You are a person of great influence. If you could inspire a movement that would bring the most amount of good for the greatest number of people, what would that be? You never know what your idea can trigger.
There are 30 million people in the United States with rare diseases, mostly fatal childhood diseases. So far, approximately 150,000 in the US have died from COVID-19, a very disturbing loss of life. Almost all children born with rare, genetic diseases will die. Long after COVID is a distant memory, which I hope happens quickly, children will still be dying every day from rare diseases.
Let’s take the technology, the accelerated regulatory pathways, the funding, and, most of all, the will and the grit to save the lives of these children that will continue to be born with rare diseases. This is my commitment and I welcome the help and support from everyone who believes we can do this!

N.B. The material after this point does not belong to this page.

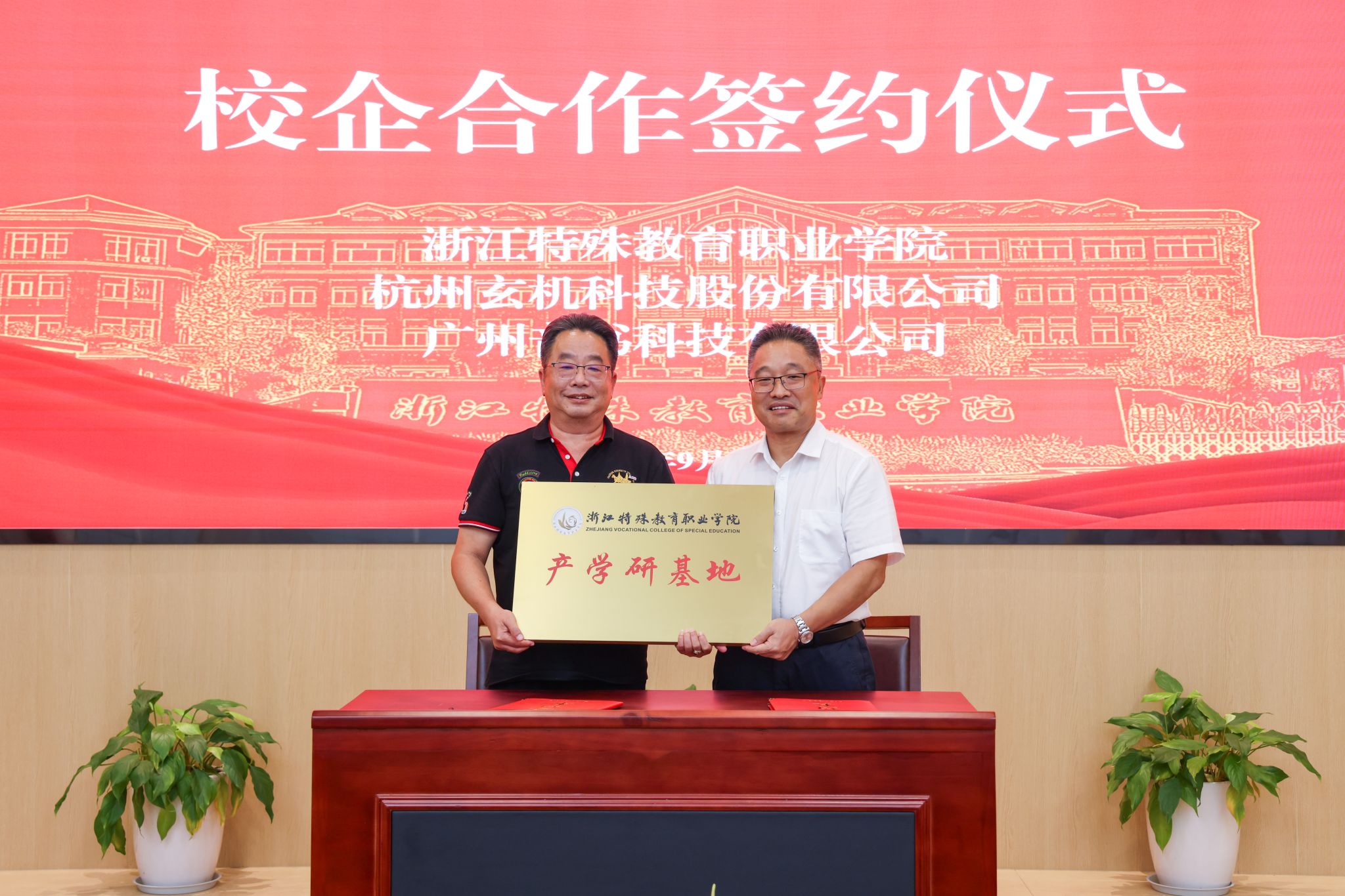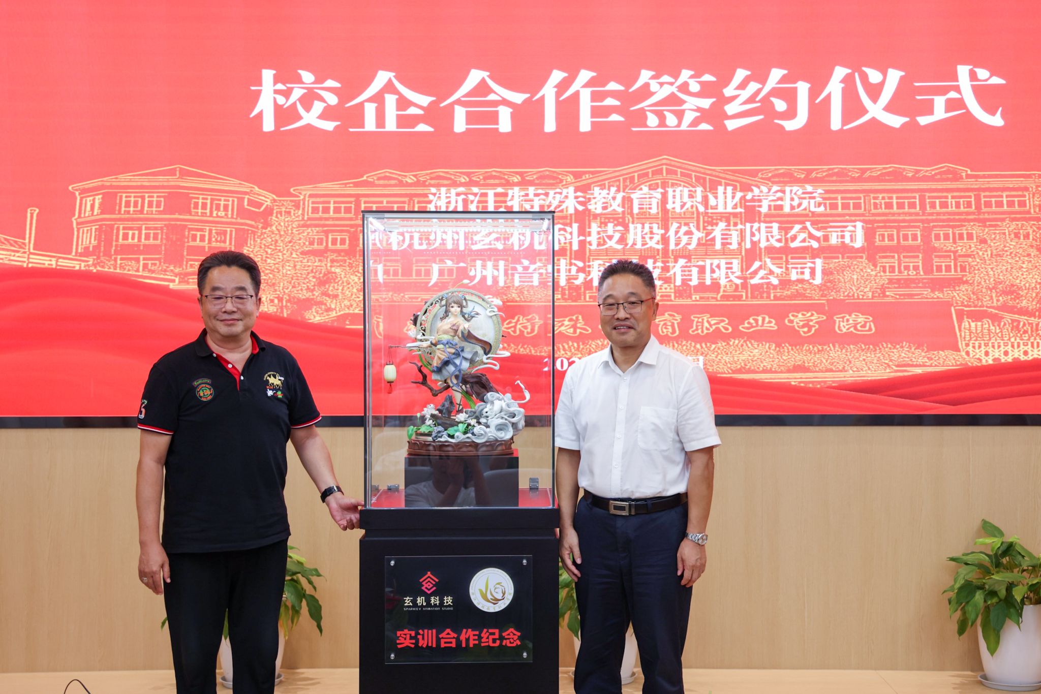 仪式现场,黄宏伟与葛之强共同签署合作协议。玄机科技被授予“浙江特殊教育职业学院产学研基地”牌匾,并捐赠动漫IP雕像作为校企合作的象征与激励。

Can you please give us your favorite “Life Lesson Quote”? Can you share how that was relevant to you in your life?
My favorite quote is “if you want to see God laugh, tell him your plans.” This quote was true for me even before CureDuchenne was founded. As I mentioned earlier, my husband and I thought we had our lives planned out and then Hawken’s diagnosis changed all of it. Our original plans were so far from what our reality turned out to be. This is relevant to CureDuchenne and any other nonprofit as sometimes science projects don’t work out, while there are others that out of the blue just happen. What I’ve learned from this quote and applying it to my own life is that you can work hard and prepare, but you have to be pragmatic. What I mean by that is you can’t be so attached to an outcome of a situation that you don’t have a “plan b.” It’s important to have a plan and work hard towards your goals, but also be able to pivot that plan when the outcome isn’t what you anticipated.
We are very blessed that some very prominent names in Business, VC funding, Sports, and Entertainment read this column. Is there a person in the world, or in the US with whom you would love to have a private breakfast or lunch with, and why? He or she might just see this if we tag them.
Elon Musk; He gets the next to impossible done. He thinks big. He can cure Duchenne.
Thank you for these fantastic insights. We greatly appreciate the time you spent on this.